## Task description
Give back the records below exactly, omitting the pictures.

########################################

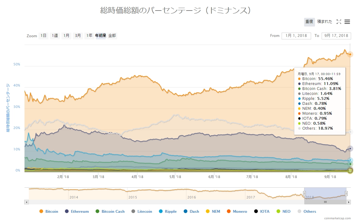 画像は2018年9月18日のキャプチャ。しばらく”凪”ともいえる穏やかな相場環境が続いていましたが、一気に下落方向へ動き出しました。イーサリアム、ライトコイン、ビットコインキャッシュは「真紅」な落ち込みです。
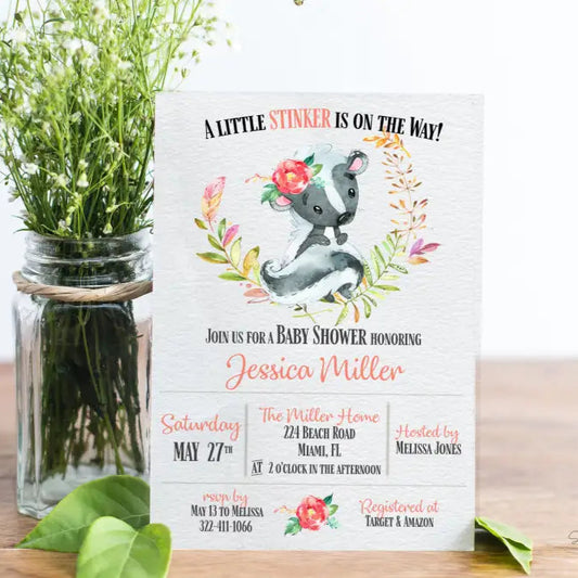 Little Stinker Skunk Baby Shower Invitation
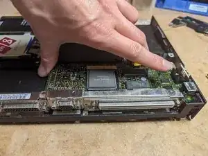 Используйте медиатор для гитары, чтобы поддеть плату процессора и вынуть её из разъёма, который находится непосредственно под областью с винтами.
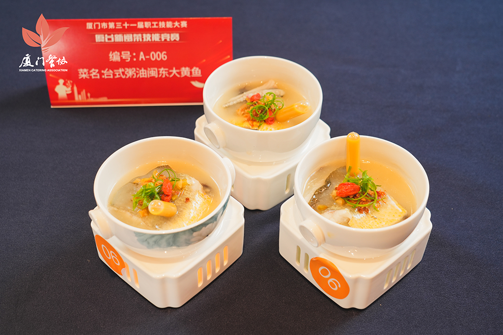 吴宗鸿是厦门羊公馆餐厅的老板,来自台湾高雄,已在厦生活了23年。此次他带来了卤肉饭与三杯鸡两道经典台菜。他说:“这次带来的创新是:在三杯鸡中加入闽南特色米血糕。台湾菜的源头本就是闽南菜,这样的融合自然又亲切,像是味道的‘寻根’。”对他而言,参赛重在交流,能通过美食与更多同行对话,本身就是收获。来自台中的陈耀民在两岸多家餐厅担任过法餐主厨与餐饮顾问。他展示了一道源自母亲手艺的“葱烧大排”,还有一道用西式油封技法处理的海鲈鱼,佐以他自己调制的、融合了番茄与柠檬风味的沙茶酱。陈耀民说:“我希望保留沙茶酱的底蕴,而用番茄和柠檬来提升酸度,可以让味道更富有层次感。闽菜的创新不是‘脱根’,而是用新的技艺让传统风味焕发新生,带来意想不到的味蕾碰撞。”谈及参赛初衷,他笑称源于“好玩”。“比赛是创意的交流,能看到同行们的创意菜品实属有趣。下次有机会一定会再来参加!”来自高雄的黄威瀚如今在广州、深圳、台湾的几家酒店担任大厨,他带来的作品致力于探索台菜与粤菜的融合可能。他制作的一道海鲜粥,借鉴了粤式手法做粥,再加入炸香的台湾红葱酥。他说:“我想做的,是让台湾味与各地菜系融合,打造更精致、更有层次的口感体验。”
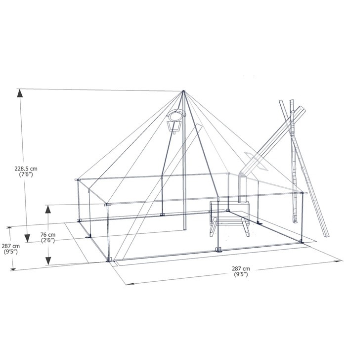 The Esker Classic 2 10x10 winter camping hot tent offers a traditional 4-sided pyramid wall tent that’s portable, lightweight, and durable: perfect for Canadian winters. Esker’s Classic 2 model moves the installed stove pipe ring to the right side wall (as opposed to straight up in the Classic model) – which necessitates the use of an elbow in the pipe stack, and moves the stove to the front right quadrant: making side by side sleeping possible, and creating more contiguous interior space. Made in Canada from Sunforger 10.10 oz army duck canvas, it comes with an air vent, sewn loops for a drying line and a 2-way zippered opening. The Esker Classic 2 10x10 sleeps 3 - 4 with a stove, or 4 - 6 without a stove.
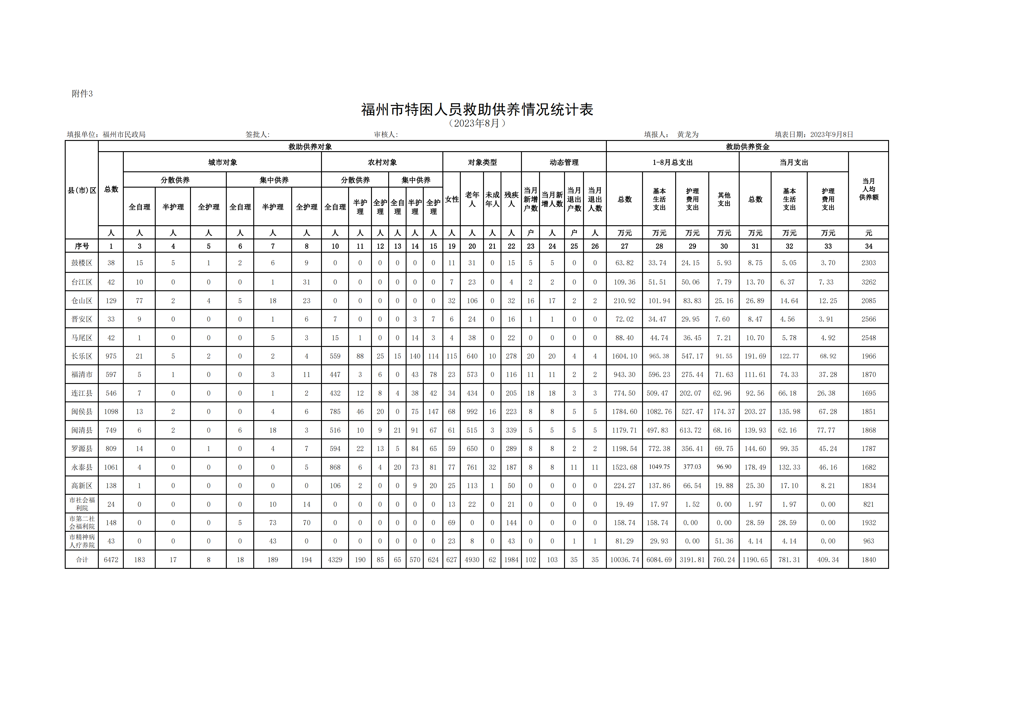 2023年福州市特困人员救助供养情况统计表(8月)
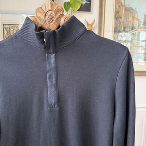 BOSS Hugo Boss midnight blue quarter zip 100% cotton pullover sweater with dark blue contrast fabric at the placket and shoulder. Brand tab at the hip. Laying flat measures 27 inches shoulder to hem and 20 inches armpit to armpit.Please note that in our opinion this sweater is more fitted. That is our experience with this brand. The knit is tight and smooth for a refined look. Please note that the inside care tag has been clipped. This is machine washable on gentle, line dry. I have two other sweaters, just like this, one in gray and one in dark blue. I am happy to bundle. Let me know if you have any questions.
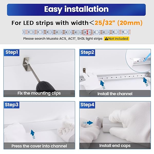 * Muzata 10Pack 3.3FT/1M Plus-Size Spotless V Shape LED Channel Silver Aluminum LED Diffuser Channel with Milky White Cover V101 WW 1M: muzata 10pack 3.3ft/1m plus-size spotless v shape led channel silver aluminum led diffuser channel with milky white cover v101 ww 1m * Plus size LED Channel: Muzata V101 LED channel offers an plus size design at 30x30mm * Making it ideal for installing dual light strips or waterproof LED strip * This unique size significantly enhances the lighting effects within
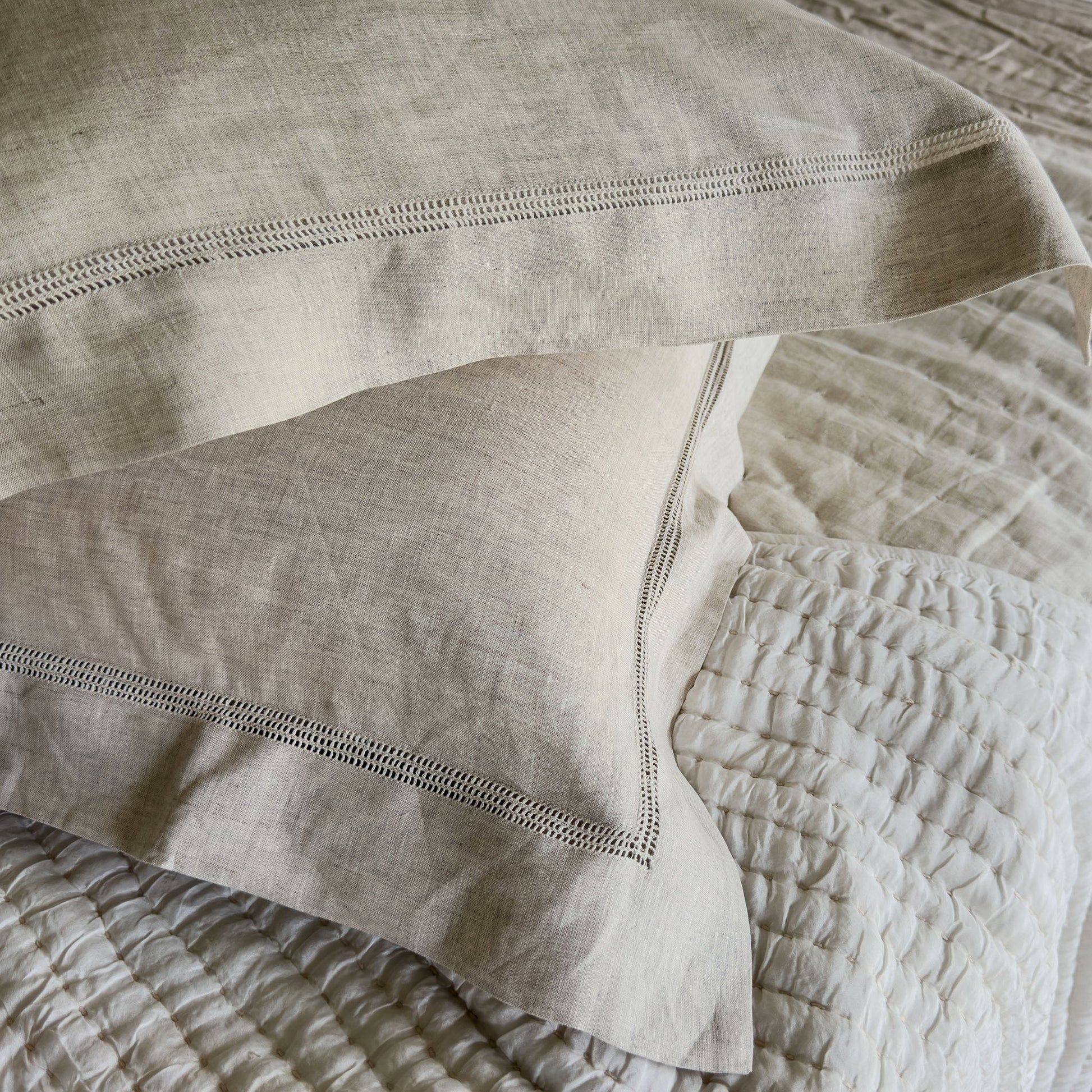 Matching Bask Hemstitched 50 x 70cm standard size pillowcases in Natural linen with a flange border are also available. Sold in pairs.

########################################

## Answer section
 画像は2018年9月18日のキャプチャ。しばらく”凪”ともいえる穏やかな相場環境が続いていましたが、一気に下落方向へ動き出しました。イーサリアム、ライトコイン、ビットコインキャッシュは「真紅」な落ち込みです。
 Little Stinker Skunk Baby Shower Invitation
 Используйте медиатор для гитары, чтобы поддеть плату процессора и вынуть её из разъёма, который находится непосредственно под областью с винтами.
 吴宗鸿是厦门羊公馆餐厅的老板,来自台湾高雄,已在厦生活了23年。此次他带来了卤肉饭与三杯鸡两道经典台菜。他说:“这次带来的创新是:在三杯鸡中加入闽南特色米血糕。台湾菜的源头本就是闽南菜,这样的融合自然又亲切,像是味道的‘寻根’。”对他而言,参赛重在交流,能通过美食与更多同行对话,本身就是收获。来自台中的陈耀民在两岸多家餐厅担任过法餐主厨与餐饮顾问。他展示了一道源自母亲手艺的“葱烧大排”,还有一道用西式油封技法处理的海鲈鱼,佐以他自己调制的、融合了番茄与柠檬风味的沙茶酱。陈耀民说:“我希望保留沙茶酱的底蕴,而用番茄和柠檬来提升酸度,可以让味道更富有层次感。闽菜的创新不是‘脱根’,而是用新的技艺让传统风味焕发新生,带来意想不到的味蕾碰撞。”谈及参赛初衷,他笑称源于“好玩”。“比赛是创意的交流,能看到同行们的创意菜品实属有趣。下次有机会一定会再来参加!”来自高雄的黄威瀚如今在广州、深圳、台湾的几家酒店担任大厨,他带来的作品致力于探索台菜与粤菜的融合可能。他制作的一道海鲜粥,借鉴了粤式手法做粥,再加入炸香的台湾红葱酥。他说:“我想做的,是让台湾味与各地菜系融合,打造更精致、更有层次的口感体验。”
 The Esker Classic 2 10x10 winter camping hot tent offers a traditional 4-sided pyramid wall tent that’s portable, lightweight, and durable: perfect for Canadian winters. Esker’s Classic 2 model moves the installed stove pipe ring to the right side wall (as opposed to straight up in the Classic model) – which necessitates the use of an elbow in the pipe stack, and moves the stove to the front right quadrant: making side by side sleeping possible, and creating more contiguous interior space. Made in Canada from Sunforger 10.10 oz army duck canvas, it comes with an air vent, sewn loops for a drying line and a 2-way zippered opening. The Esker Classic 2 10x10 sleeps 3 - 4 with a stove, or 4 - 6 without a stove.
 2023年福州市特困人员救助供养情况统计表(8月)
 BOSS Hugo Boss midnight blue quarter zip 100% cotton pullover sweater with dark blue contrast fabric at the placket and shoulder. Brand tab at the hip. Laying flat measures 27 inches shoulder to hem and 20 inches armpit to armpit.Please note that in our opinion this sweater is more fitted. That is our experience with this brand. The knit is tight and smooth for a refined look. Please note that the inside care tag has been clipped. This is machine washable on gentle, line dry. I have two other sweaters, just like this, one in gray and one in dark blue. I am happy to bundle. Let me know if you have any questions.
 * Muzata 10Pack 3.3FT/1M Plus-Size Spotless V Shape LED Channel Silver Aluminum LED Diffuser Channel with Milky White Cover V101 WW 1M: muzata 10pack 3.3ft/1m plus-size spotless v shape led channel silver aluminum led diffuser channel with milky white cover v101 ww 1m * Plus size LED Channel: Muzata V101 LED channel offers an plus size design at 30x30mm * Making it ideal for installing dual light strips or waterproof LED strip * This unique size significantly enhances the lighting effects within
 Matching Bask Hemstitched 50 x 70cm standard size pillowcases in Natural linen with a flange border are also available. Sold in pairs.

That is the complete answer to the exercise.